ここから本文です

子どもの「片付け」やすい環境づくり3つのポイント

ベネッセ 教育情報サイト 5月18日(水)14時0分配信

ベネッセ教育情報サイトには、お子さまの片付けに関する悩みや相談が、数多く寄せられています。中でも、「子どもの物は子どもが自分で片付けてほしい」と考えている保護者のかたが多いようです。ただ、実際に子どもに片付けをさせるとなると、「何を片付ければよいのか」「どこから片付ければよいのか」「親はどこまで手伝うべきか」など不安な点も多いようです。
そこで、ライフオーガナイザーとして片付けと収納のアドバイスを行い、子どもの片付け方に関する書籍などで活躍中の鈴木尚子先生に、保護者のかたからの相談にお答えいただきます。また、子どもにとって片付けやすい収納方法や、片付けを続けるためのコツをご紹介します。
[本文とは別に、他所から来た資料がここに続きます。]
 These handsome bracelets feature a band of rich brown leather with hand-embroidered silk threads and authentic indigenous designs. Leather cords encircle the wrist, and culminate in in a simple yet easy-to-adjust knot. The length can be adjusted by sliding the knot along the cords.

片付けやすい環境づくり3つのポイント(1) 子どもが1人で片付けられる量であること

保護者のかたが手伝っても10分以上かかるようであれば、おもちゃの量が多すぎ、お子さまの管理能力を超えているのかもしれません。まずは、片付けられる量であるかどうかを考えましょう。保護者のかたが一緒に片付けて、5分以内で終わる程度が目安です。量の管理は保護者のかたの仕事です。また、物の量と収納スペースがマッチしているかどうかも考えてみてください。

お子さまの物が片付かないというご家庭では、本来置く場所ではないところに物が置かれている場合があり、空間が乱雑になってしまっています。しまう所に対して、明らかに物の量が多い場合には、片付けられるはずがありません。そこで、物を収納スペースに合わせた量に減らすか、新たに収納スペースを作る必要があります。
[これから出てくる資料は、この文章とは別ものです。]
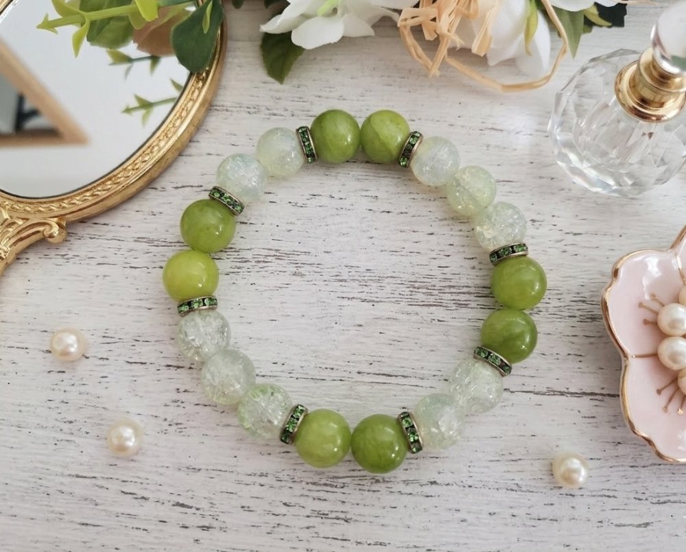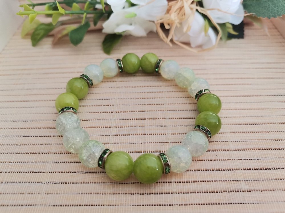 Bracelet sur fil élastique avec perles jade vertes, perles en verre craquelé vert pale de 10 mm et rondelle strass

片付けやすい環境づくり3つのポイント(2) 片付ける場所が決まっていること

「片付ける場所が決まっている」とは、お子さまの持ち物のための場所を作るということです。もともとおもちゃの置く場所が決まっていないご家庭の場合、物が増えるたびに家具と家具の間に置くなどして、所々に散らばっているかもしれません。物を置くスペースとして、隙間などはふさわしくありません。お子さまが「ここは自分の物を置く場所」だと自覚できるスペースを提供してあげてください。ご家庭によって、子ども部屋を作れる場合もあれば、作れない場合もあると思います。部屋の一角でも、棚の一段だけでもかまいません。小さくても自分のスペースがあれば、自分で責任を持って片付けようと思うことができます。お子さまにとって、自分だけのスペースがあることは、うれしいものです。
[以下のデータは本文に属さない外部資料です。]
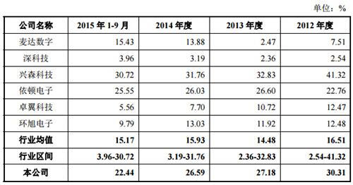 招股書顯示,易德龍負債水平偏高,流動負債占比超過95%,面臨較大的短期償債風險。而除了償債風險外,公司主營業(yè)務毛利率在報告期內持續(xù)下降,2012年為30.31%,到2015年9月末已降至22.44%,而同時期內行業(yè)銷售毛利率均值基本穩(wěn)定在27%左右。

ただし、お子さまのスペースに保護者のかたの持ち物を混在させないように注意してください。自分用のクローゼットに保護者のかたの洋服が入っていたら、お子さまは責任を持って片付けようという気にはなれなくなってしまいます。「ここは責任を持って片付けてね」といえる場所を、少しずつ増やしていきましょう。まずはおもちゃから始め、学用品や、洋服の管理ができるようになるとよいですね。